The 'brain drain' is, if anything, a good thing

Fri, Nov 7th 2014, 12:16 AM

Dear Editor,
We must all thank bahamasuncensored.com for publishing the first sensible take on this unbelievably stupid "brain drain" non-issue that the local media seem to have invented in their apparent boredom with the real issues.
In a letter on that site, Kortney Rodgers points out the obvious lunacy at the heart of the argument that educated young people leaving here is somehow necessarily a bad thing.
Rodgers asks whether an aspiring astrophysicist is somehow unpatriotic for leaving Nassau to go to where astrophysicists actually have job opportunities. Or perhaps government should set up an astrophysics department in the Ministry of Works just to keep him or her here.
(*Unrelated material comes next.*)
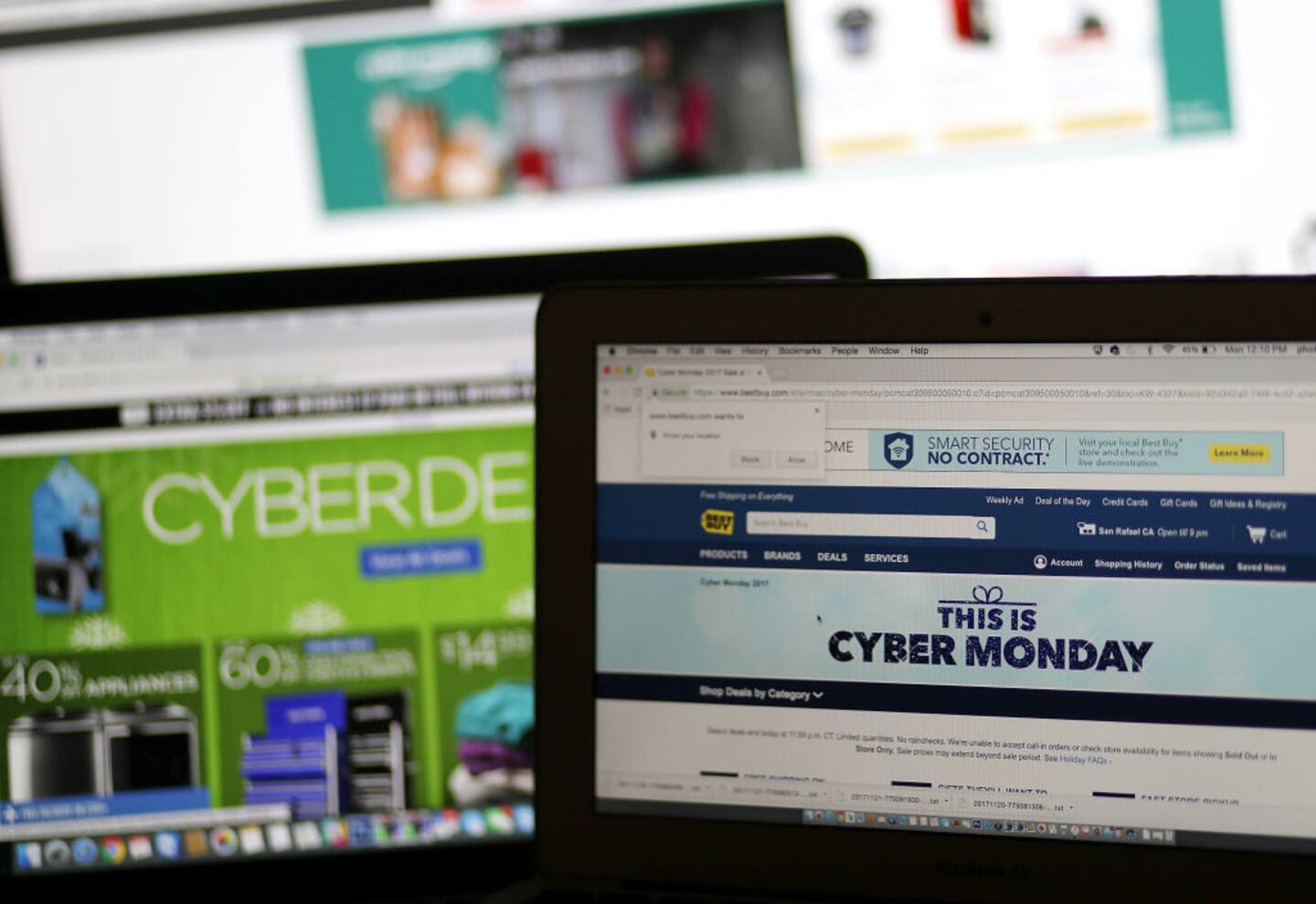 In this photo illustration, an ad seen on the Best Buy website for a Cyber Monday sale is displayed on laptop computers on November 27, 2017 in San Anselmo, California.

The Bahamas, as a small, high-income country with a relatively diverse economy - extremely diverse for its population size - continues to attract huge numbers of migrants at the bottom of its employment structure. That is the most important fundamental evidence of a basically good and successful economy.
Meanwhile at the professional level, an unusually restrictive set of policies (such as the one that blocks foreign attorneys) have created an unusually large and diverse range of professional opportunities for locals in a country of this size.
Of course educated, young, vibrant people leave here. They do so for the same reason that they leave any population centre of 300,000 souls, whether that be Tampa, Florida, Bakersfield, California or Hull, England. They head to more cosmopolitan places with lifestyle and work opportunities that are more diverse. Unlike most such places, though, in The Bahamas they usually come back.
It is the height of stupidity to expect a country the size of ours to cater to every single career choice by being a center of the most obscure and specialized industries. Yet last week some young Bahamian was complaining that he had to leave home to make his career - as a rapper!
As the world specializes and globalizes, it is normal that people globe-trot to places where certain industries cluster. Rappers will clearly have to leave Kansas to make it big, just as actors will have to leave even a vast metropolis like London to make it big.
Of four siblings, I am the only one living in The Bahamas. The other three live in three separate continents, yet not one of them left here seeking work, or because The Bahamas failed them. They left because as diverse and educated Bahamians, they liked some aspect of the lifestyle found elsewhere. That is fine and healthy. When they return, it can only enrich The Bahamas.